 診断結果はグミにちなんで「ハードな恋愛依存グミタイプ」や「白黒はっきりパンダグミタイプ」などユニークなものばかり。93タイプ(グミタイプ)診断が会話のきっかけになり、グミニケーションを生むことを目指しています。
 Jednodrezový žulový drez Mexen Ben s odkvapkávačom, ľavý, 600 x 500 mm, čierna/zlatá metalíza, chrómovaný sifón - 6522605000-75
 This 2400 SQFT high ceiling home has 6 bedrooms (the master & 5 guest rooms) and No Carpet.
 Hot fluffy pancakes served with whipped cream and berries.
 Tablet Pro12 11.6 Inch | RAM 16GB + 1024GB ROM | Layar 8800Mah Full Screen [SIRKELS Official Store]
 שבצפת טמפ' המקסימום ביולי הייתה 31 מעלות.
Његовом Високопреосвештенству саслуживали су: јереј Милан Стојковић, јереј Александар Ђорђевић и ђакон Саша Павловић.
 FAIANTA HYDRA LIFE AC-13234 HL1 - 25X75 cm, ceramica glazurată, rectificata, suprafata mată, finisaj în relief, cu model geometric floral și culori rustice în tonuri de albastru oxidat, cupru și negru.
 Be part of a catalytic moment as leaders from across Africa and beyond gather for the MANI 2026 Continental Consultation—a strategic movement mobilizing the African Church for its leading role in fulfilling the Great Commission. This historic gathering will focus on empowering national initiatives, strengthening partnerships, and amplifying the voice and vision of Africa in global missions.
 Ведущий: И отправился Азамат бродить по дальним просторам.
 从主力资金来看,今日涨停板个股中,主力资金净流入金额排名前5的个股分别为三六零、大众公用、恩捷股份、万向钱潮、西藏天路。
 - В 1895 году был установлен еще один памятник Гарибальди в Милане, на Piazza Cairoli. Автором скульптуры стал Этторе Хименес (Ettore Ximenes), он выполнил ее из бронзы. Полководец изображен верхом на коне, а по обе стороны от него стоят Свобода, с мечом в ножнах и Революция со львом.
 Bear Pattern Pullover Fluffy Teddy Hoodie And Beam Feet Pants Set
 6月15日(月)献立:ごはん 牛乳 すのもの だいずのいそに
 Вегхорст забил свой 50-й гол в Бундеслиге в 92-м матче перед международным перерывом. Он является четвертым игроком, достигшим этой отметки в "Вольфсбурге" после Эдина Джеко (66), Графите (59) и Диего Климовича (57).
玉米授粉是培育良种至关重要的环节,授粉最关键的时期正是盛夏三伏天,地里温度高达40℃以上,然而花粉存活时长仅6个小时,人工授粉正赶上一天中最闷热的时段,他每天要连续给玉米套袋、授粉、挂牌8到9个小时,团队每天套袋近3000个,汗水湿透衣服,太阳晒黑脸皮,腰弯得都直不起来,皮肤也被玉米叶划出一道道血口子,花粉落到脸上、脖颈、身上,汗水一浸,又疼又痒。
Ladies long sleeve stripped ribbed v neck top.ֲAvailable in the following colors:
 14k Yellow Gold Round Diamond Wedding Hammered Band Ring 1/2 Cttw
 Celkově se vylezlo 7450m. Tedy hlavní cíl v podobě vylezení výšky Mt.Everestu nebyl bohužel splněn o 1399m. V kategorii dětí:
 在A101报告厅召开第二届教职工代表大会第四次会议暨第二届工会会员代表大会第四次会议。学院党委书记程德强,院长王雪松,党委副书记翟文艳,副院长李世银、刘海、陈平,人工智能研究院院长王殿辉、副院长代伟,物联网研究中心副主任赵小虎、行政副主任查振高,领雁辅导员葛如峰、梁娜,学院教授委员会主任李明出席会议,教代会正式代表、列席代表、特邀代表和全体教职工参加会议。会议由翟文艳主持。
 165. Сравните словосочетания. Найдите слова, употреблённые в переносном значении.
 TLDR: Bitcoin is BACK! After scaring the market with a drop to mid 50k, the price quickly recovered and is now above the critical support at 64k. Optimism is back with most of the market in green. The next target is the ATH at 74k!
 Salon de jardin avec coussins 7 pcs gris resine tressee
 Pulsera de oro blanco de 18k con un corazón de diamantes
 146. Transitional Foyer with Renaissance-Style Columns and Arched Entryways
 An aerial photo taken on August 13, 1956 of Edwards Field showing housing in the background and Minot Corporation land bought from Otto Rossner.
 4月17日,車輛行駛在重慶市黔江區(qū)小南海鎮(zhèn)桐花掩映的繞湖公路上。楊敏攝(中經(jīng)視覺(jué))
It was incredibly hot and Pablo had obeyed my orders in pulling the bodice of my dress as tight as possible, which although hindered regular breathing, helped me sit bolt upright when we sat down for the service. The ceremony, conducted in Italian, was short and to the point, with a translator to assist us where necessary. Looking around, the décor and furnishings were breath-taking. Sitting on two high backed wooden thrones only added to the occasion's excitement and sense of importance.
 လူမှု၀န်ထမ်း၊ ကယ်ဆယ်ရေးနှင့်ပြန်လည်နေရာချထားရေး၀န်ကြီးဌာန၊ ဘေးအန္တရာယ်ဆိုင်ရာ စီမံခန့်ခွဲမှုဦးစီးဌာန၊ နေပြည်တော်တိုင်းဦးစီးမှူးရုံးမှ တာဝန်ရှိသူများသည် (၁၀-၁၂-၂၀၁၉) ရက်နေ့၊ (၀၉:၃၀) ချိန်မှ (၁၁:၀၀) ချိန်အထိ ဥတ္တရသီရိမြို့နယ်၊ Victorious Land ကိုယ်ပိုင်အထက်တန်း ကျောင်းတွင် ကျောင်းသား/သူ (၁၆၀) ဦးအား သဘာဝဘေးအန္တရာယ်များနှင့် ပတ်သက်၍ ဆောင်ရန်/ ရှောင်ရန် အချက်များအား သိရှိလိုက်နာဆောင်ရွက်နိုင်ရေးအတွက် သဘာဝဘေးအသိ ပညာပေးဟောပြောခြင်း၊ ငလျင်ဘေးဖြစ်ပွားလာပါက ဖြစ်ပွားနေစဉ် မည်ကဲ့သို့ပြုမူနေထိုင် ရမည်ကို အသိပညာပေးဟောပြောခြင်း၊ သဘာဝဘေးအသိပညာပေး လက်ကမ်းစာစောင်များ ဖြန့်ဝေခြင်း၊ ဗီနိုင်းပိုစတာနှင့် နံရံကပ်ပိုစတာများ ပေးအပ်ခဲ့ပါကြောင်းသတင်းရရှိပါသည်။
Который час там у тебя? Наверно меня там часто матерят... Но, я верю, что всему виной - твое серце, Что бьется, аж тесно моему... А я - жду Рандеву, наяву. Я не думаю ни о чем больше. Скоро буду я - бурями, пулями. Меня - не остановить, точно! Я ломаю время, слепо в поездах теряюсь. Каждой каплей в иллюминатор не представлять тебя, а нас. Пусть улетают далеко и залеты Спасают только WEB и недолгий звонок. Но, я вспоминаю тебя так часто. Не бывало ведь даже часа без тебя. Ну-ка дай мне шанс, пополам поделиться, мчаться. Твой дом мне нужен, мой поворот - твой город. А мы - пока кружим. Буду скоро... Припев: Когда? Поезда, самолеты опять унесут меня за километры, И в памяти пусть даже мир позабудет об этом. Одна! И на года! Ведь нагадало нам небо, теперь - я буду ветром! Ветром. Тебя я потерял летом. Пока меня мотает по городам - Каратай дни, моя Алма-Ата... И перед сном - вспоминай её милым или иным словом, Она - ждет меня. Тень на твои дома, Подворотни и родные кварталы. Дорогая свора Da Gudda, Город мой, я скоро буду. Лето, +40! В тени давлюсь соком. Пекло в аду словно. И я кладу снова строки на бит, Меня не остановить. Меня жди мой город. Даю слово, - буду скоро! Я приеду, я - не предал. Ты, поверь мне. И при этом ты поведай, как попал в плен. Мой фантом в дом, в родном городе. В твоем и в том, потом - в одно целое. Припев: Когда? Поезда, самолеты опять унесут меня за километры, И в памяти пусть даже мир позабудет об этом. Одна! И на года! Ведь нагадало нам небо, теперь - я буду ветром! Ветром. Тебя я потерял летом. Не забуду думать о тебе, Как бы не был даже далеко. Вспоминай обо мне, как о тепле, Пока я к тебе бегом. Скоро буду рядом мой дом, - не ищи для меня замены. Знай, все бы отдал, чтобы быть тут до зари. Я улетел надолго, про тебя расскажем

════

Going through the entries above, show each line that contains "This".

** Exercise answer **
 This 2400 SQFT high ceiling home has 6 bedrooms (the master & 5 guest rooms) and No Carpet.
 Be part of a catalytic moment as leaders from across Africa and beyond gather for the MANI 2026 Continental Consultation—a strategic movement mobilizing the African Church for its leading role in fulfilling the Great Commission. This historic gathering will focus on empowering national initiatives, strengthening partnerships, and amplifying the voice and vision of Africa in global missions.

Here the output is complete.